Circuit breakers are electronic switches, which are typically automatically activated to prevent damage to circuits and equipment in response to the occurrence of short circuits and/or overload conditions therein. As illustrated by FIG. 1, a conventional circuit breaker may be configured as a dual-purpose arc fault/ground fault (AFGF) interrupter 10, which can be used in a single-pole 120 VAC load application 100 that is powered by 120/240 VAC source. As shown, the interrupter 10 includes four terminals, with terminal 1 connected to the 120/240 VAC source, terminals 2 and 3 connected to a load (e.g., 120 VAC receptacle 12) and terminal 4 electrically connected (e.g., pigtail) to a loadcenter neutral.

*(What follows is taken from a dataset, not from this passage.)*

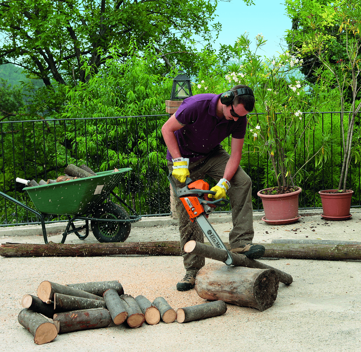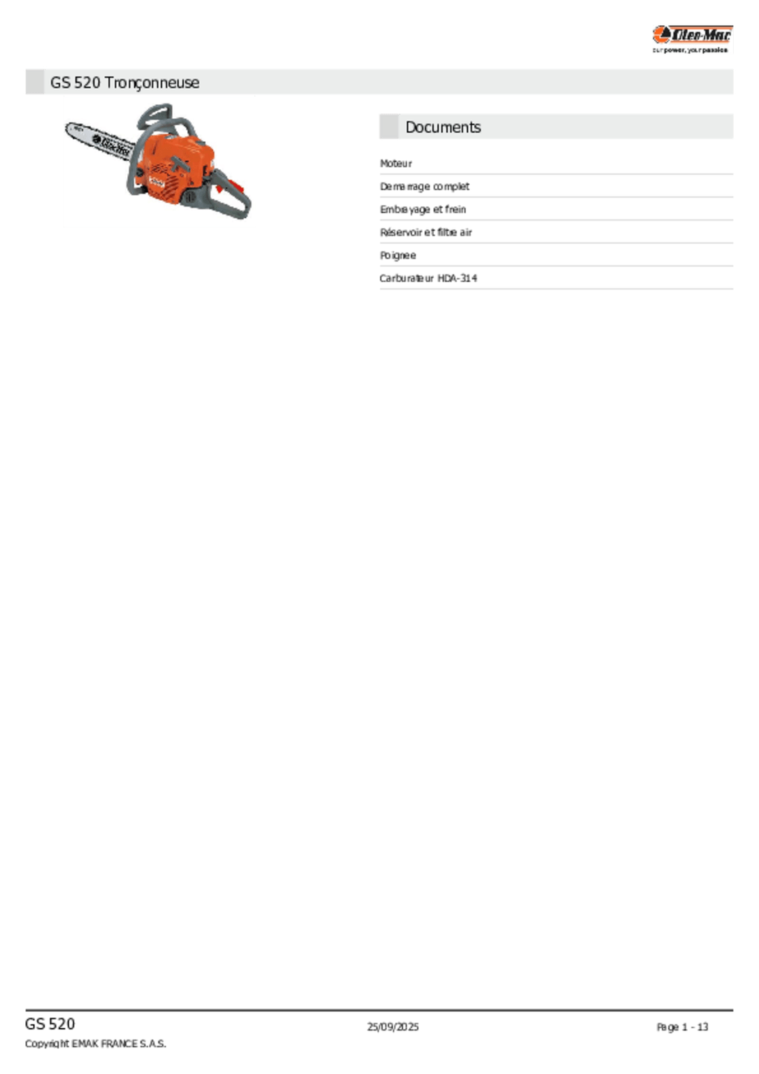 2T. 54,5 cc. 2,6 kW/3,5 ch. 51 cm. Chaine 0,325'' x 0.058''. Tendeur de chaine latéral.

Other conventional circuit breakers, such as mechanically operated circuit breakers (MCBs), may operate relatively slowly by using a thermal bimetal lever as a trip mechanism and this relatively slow operation may result in damage to the circuits and equipment. To address this slow speed limitation associated with conventional MCBs, electronic circuit breakers (ECBs) have been developed to achieve higher speed trip mechanisms for use with sensitive loads. For example, in a conventional ECB, a load current passes through a series element (i.e., shunt) having a very low resistance, and a voltage drop across the series element and a preset voltage may be compared in a level comparator. Then, in the presence of an excessive series voltage drop (i.e., shunt voltage), the comparator may generate an output signal to a microcontroller, which may then trigger a current controlling relay at high speed to thereby terminate an overload condition. These and other aspects of conventional ECBs are disclosed in an article by T. Deokar et al., entitled “Ultra Fast Acting Electronic Circuit Breaker for Overload Protection,” 2017 Third International Conference on Advances in Electrical, electronics, Information, Communication and Bio-Informatics (AEEICB), Chennai, India, (2017) pp. 29-32, and in article by P. Abirami et al., entitled “Electronic Circuit Breaker for Overload Protection,” 2016 International Conference on Computation of Power, Energy Information and Communication (ICCPEIC), Chennai, India, (2016) pp. 773-776.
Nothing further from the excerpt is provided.